PROBLEM TO WORK ON: Repeat, exactly as they appear, the lines from the one with "물놀이 후 간단한 휴식을" through the last line of the entries below, but none of the pictures.
-------- GIVEN ENTRIES --------
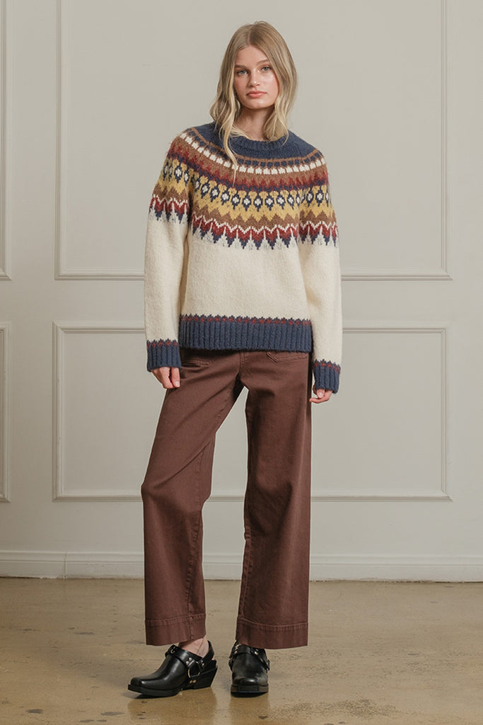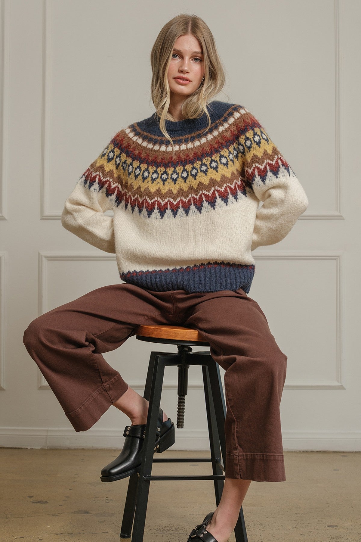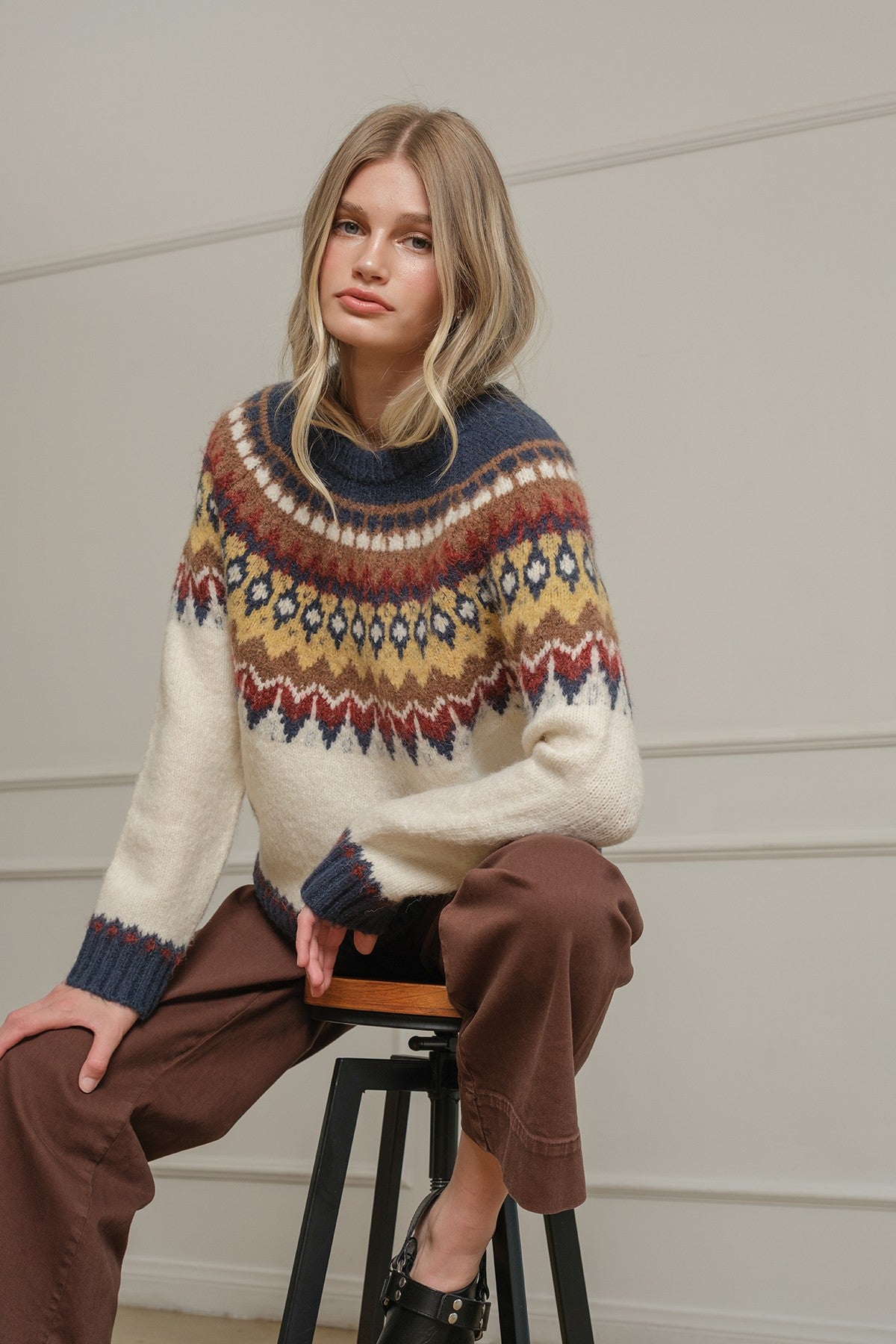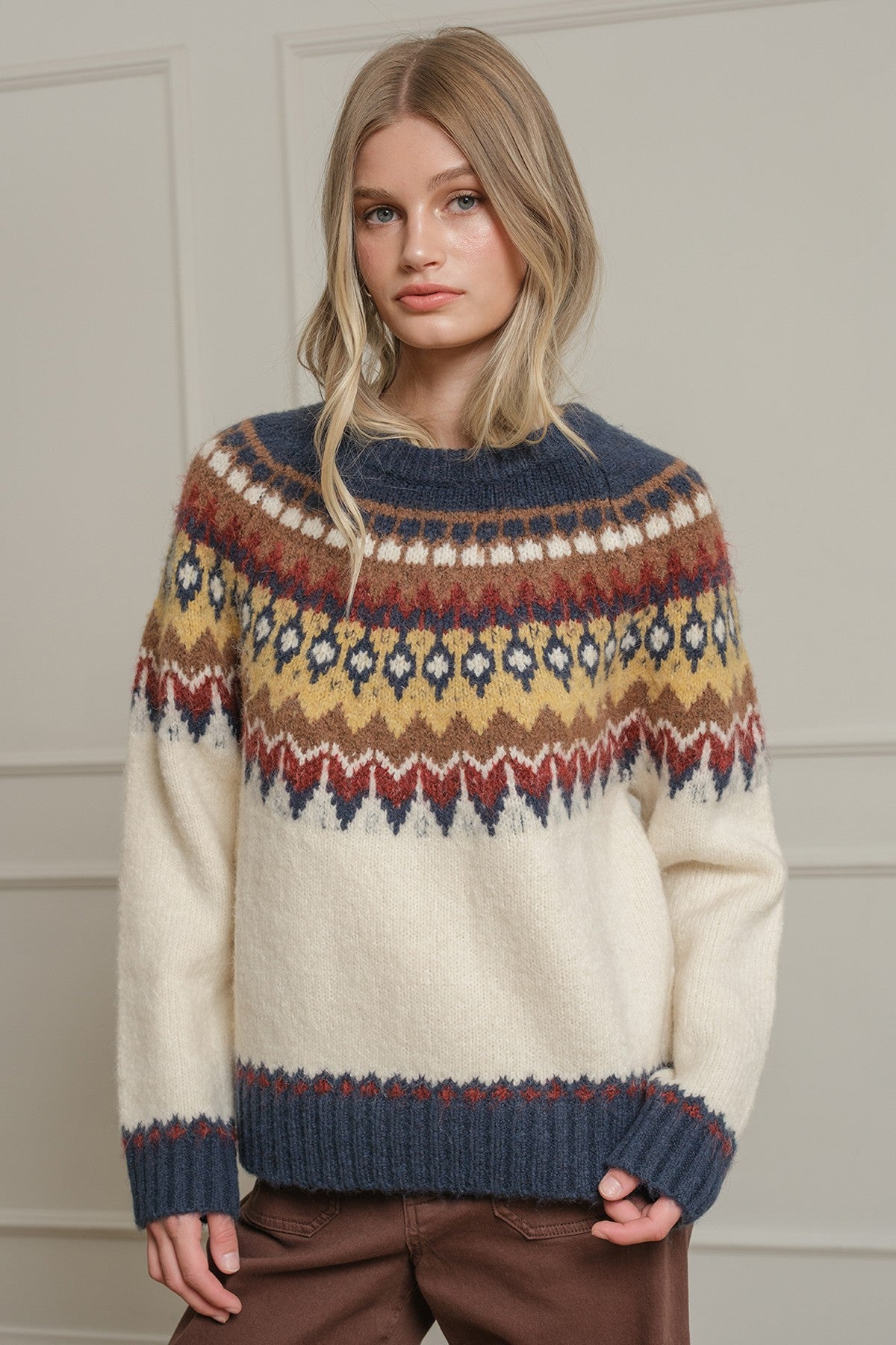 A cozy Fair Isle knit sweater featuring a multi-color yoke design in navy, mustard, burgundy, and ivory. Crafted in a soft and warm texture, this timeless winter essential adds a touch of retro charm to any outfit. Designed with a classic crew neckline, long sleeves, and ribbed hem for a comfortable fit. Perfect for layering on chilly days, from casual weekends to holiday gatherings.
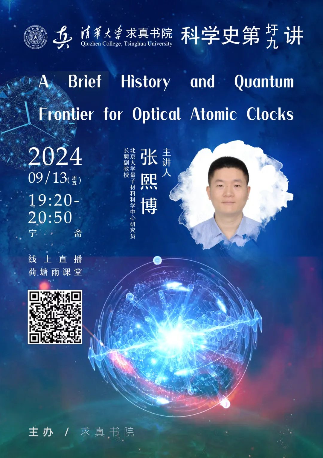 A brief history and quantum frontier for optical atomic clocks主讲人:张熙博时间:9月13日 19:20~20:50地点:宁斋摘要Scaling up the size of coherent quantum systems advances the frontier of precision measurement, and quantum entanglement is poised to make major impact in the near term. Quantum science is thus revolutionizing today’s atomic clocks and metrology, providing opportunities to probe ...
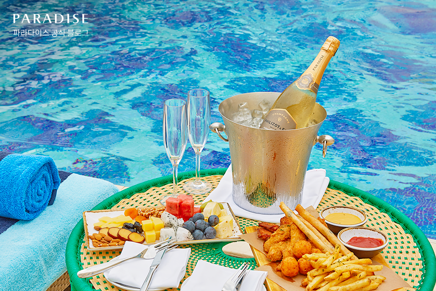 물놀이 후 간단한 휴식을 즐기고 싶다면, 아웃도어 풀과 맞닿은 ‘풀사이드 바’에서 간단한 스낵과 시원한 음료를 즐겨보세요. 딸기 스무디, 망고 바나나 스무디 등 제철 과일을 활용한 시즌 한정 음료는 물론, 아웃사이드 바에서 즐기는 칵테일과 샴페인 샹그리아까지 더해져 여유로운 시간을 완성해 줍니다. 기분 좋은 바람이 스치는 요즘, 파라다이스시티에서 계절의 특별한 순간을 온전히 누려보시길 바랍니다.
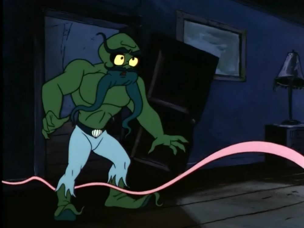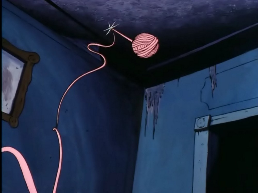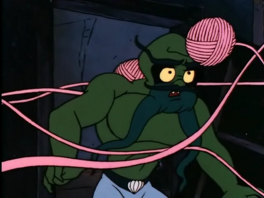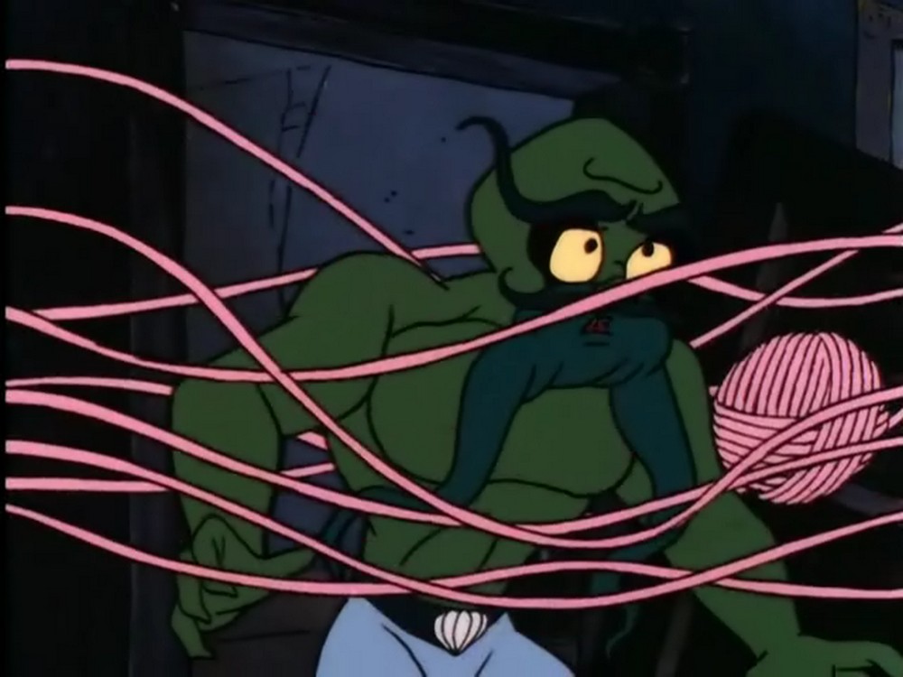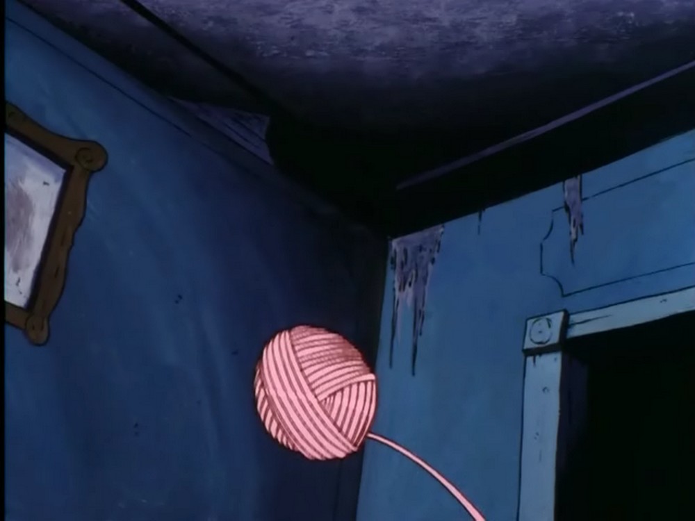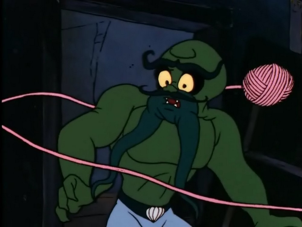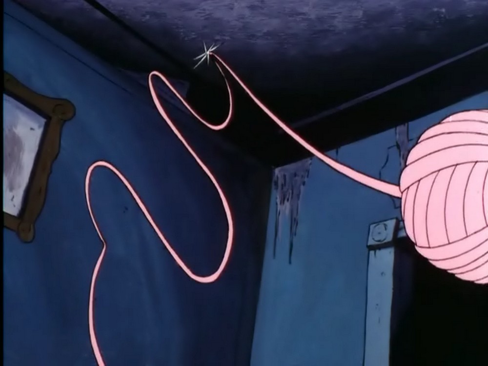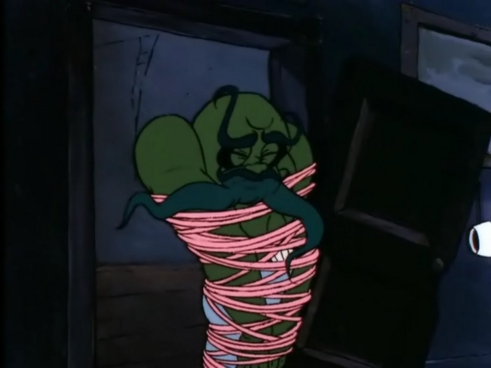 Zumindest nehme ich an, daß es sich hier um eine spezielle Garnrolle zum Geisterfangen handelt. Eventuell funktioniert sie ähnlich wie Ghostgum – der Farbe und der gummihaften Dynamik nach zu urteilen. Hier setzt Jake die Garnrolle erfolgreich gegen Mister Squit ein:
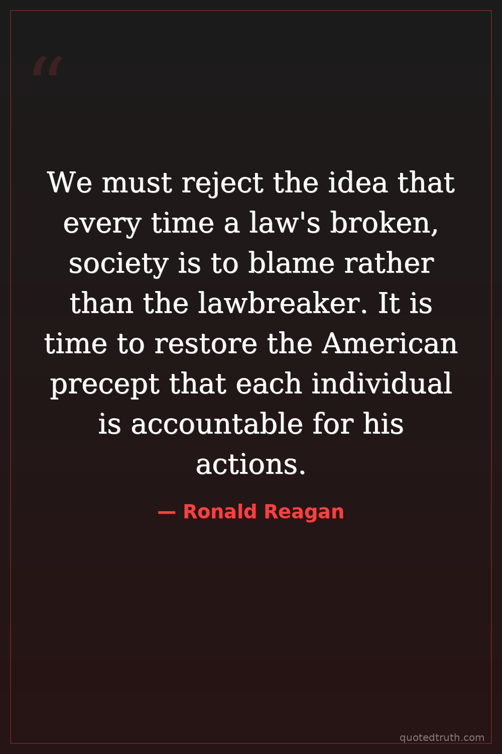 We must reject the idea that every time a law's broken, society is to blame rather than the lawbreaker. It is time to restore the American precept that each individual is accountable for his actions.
--------
RESPONSE BOX:
 물놀이 후 간단한 휴식을 즐기고 싶다면, 아웃도어 풀과 맞닿은 ‘풀사이드 바’에서 간단한 스낵과 시원한 음료를 즐겨보세요. 딸기 스무디, 망고 바나나 스무디 등 제철 과일을 활용한 시즌 한정 음료는 물론, 아웃사이드 바에서 즐기는 칵테일과 샴페인 샹그리아까지 더해져 여유로운 시간을 완성해 줍니다. 기분 좋은 바람이 스치는 요즘, 파라다이스시티에서 계절의 특별한 순간을 온전히 누려보시길 바랍니다.
 Zumindest nehme ich an, daß es sich hier um eine spezielle Garnrolle zum Geisterfangen handelt. Eventuell funktioniert sie ähnlich wie Ghostgum – der Farbe und der gummihaften Dynamik nach zu urteilen. Hier setzt Jake die Garnrolle erfolgreich gegen Mister Squit ein:
 We must reject the idea that every time a law's broken, society is to blame rather than the lawbreaker. It is time to restore the American precept that each individual is accountable for his actions.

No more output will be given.